> _TASK OBJECTIVE_
Transcribe every line from the one containing "หลวงปู่จื่อ วัดเขาตาเงาะฯ รุ่นประวัติศาสตร์ไตรภาคี" through the end of the records below, exactly, but not the pictures.

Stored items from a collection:
========
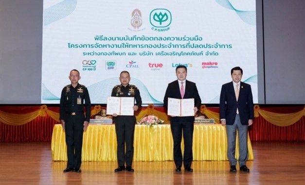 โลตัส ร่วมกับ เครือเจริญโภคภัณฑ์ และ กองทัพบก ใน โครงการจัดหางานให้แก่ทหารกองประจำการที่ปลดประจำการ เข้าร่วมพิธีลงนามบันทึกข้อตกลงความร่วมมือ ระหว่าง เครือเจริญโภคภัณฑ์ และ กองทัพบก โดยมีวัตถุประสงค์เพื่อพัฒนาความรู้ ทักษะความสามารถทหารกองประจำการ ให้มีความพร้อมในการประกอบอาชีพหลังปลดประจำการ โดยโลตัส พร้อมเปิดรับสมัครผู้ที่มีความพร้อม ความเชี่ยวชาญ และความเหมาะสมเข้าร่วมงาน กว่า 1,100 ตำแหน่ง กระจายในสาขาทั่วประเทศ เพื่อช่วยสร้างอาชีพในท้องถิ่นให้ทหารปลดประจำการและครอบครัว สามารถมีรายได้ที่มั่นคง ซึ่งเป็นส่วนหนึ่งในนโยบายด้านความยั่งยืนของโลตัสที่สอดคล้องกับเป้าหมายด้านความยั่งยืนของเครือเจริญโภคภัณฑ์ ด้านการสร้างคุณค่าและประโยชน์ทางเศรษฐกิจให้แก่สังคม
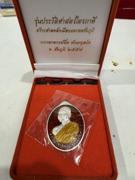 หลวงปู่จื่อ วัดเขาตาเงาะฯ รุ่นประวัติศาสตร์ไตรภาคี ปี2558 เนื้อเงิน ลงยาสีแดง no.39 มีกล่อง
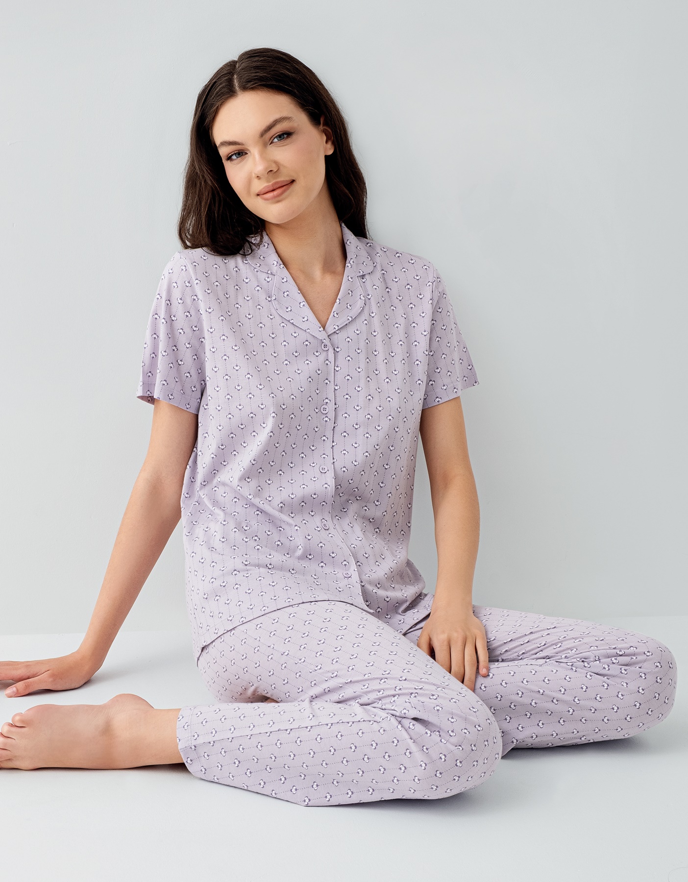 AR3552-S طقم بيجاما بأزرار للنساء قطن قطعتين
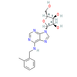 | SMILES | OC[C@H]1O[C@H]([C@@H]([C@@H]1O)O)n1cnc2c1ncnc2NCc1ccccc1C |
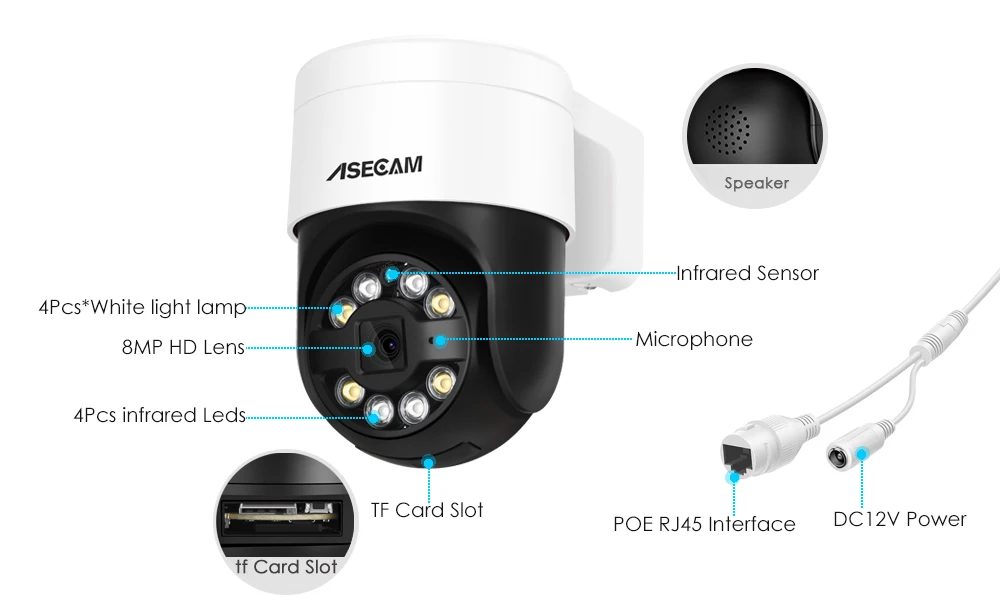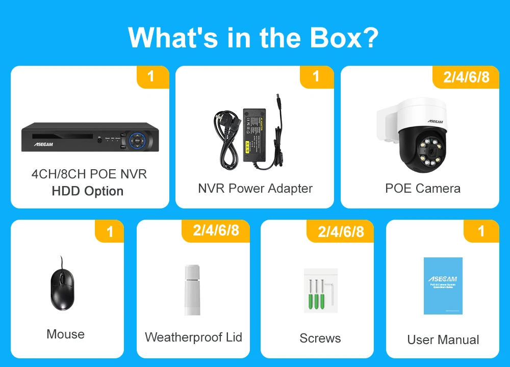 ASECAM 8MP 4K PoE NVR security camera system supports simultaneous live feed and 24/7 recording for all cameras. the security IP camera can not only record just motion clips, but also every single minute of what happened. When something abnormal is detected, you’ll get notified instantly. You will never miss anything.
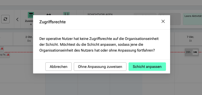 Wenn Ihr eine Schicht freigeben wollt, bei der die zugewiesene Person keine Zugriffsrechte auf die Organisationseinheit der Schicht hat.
========
> _OUTPUT OF THE TASK_
 หลวงปู่จื่อ วัดเขาตาเงาะฯ รุ่นประวัติศาสตร์ไตรภาคี ปี2558 เนื้อเงิน ลงยาสีแดง no.39 มีกล่อง
 AR3552-S طقم بيجاما بأزرار للنساء قطن قطعتين
 | SMILES | OC[C@H]1O[C@H]([C@@H]([C@@H]1O)O)n1cnc2c1ncnc2NCc1ccccc1C |
 ASECAM 8MP 4K PoE NVR security camera system supports simultaneous live feed and 24/7 recording for all cameras. the security IP camera can not only record just motion clips, but also every single minute of what happened. When something abnormal is detected, you’ll get notified instantly. You will never miss anything.
 Wenn Ihr eine Schicht freigeben wollt, bei der die zugewiesene Person keine Zugriffsrechte auf die Organisationseinheit der Schicht hat.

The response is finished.